Melihat semua orang menatapnya tanpa berkedip, gadis kecil itu sedikit gugup. Ia meletakkan keranjangnya, tapi dengan berani maju ke depan, mendorong tangan para pengawal yang memegangi Paman Hao, “Pergi! Pergi! Kalian jahat! Ayah bilang kalian orang baik, ternyata kalian juga menindas Kakek Hao! Aku tidak izinkan kalian menyakitinya!”
Setelah berkata demikian, ia membentangkan tangan kecilnya, melindungi Paman Hao seperti induk ayam menjaga anaknya. Para pengawal yang terpesona oleh kecantikan gadis itu hanya bisa diam, bahkan tidak sadar saat tangan mereka didorong.
Yang Tian memang terkejut dengan kecantikan gadis kecil itu, tapi ia tetap tenang dan berkata pelan, “Adik kecil, kau salah paham. Kami sedang mengobati luka Paman Hao.”

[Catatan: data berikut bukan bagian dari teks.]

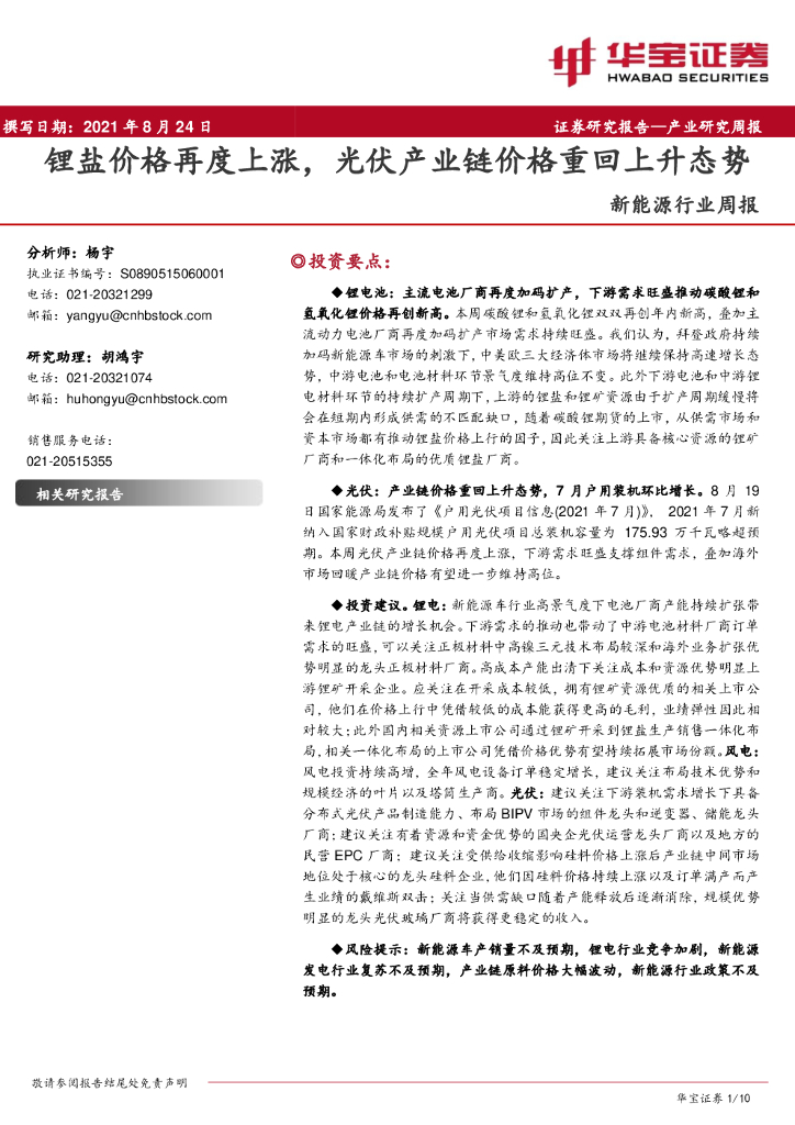 华宝证券:新能源行业周报:锂盐价格再度上涨,光伏产业链价格重回上升态势.pdf

“Kau orang jahat! Aku tidak percaya! Cepat pergi!” Gadis kecil itu menatap Yang Tian dengan mata bulat, penuh kemarahan. Ia paham betul bahwa para pengawal ini hanyalah bawahan bocah di depannya, jika mereka menindas Kakek Hao, pasti atas perintah bocah itu. Maka ia pun bicara tanpa sungkan.
Yang Tian hanya bisa tersenyum masam. Dicap sebagai orang jahat oleh anak perempuan tujuh atau delapan tahun, betapa memalukan. Sayangnya, Paman Hao sedang kesakitan dan tidak bisa membela dirinya. Ia hanya bisa memandang Tabib Sun, berharap bantuan darinya.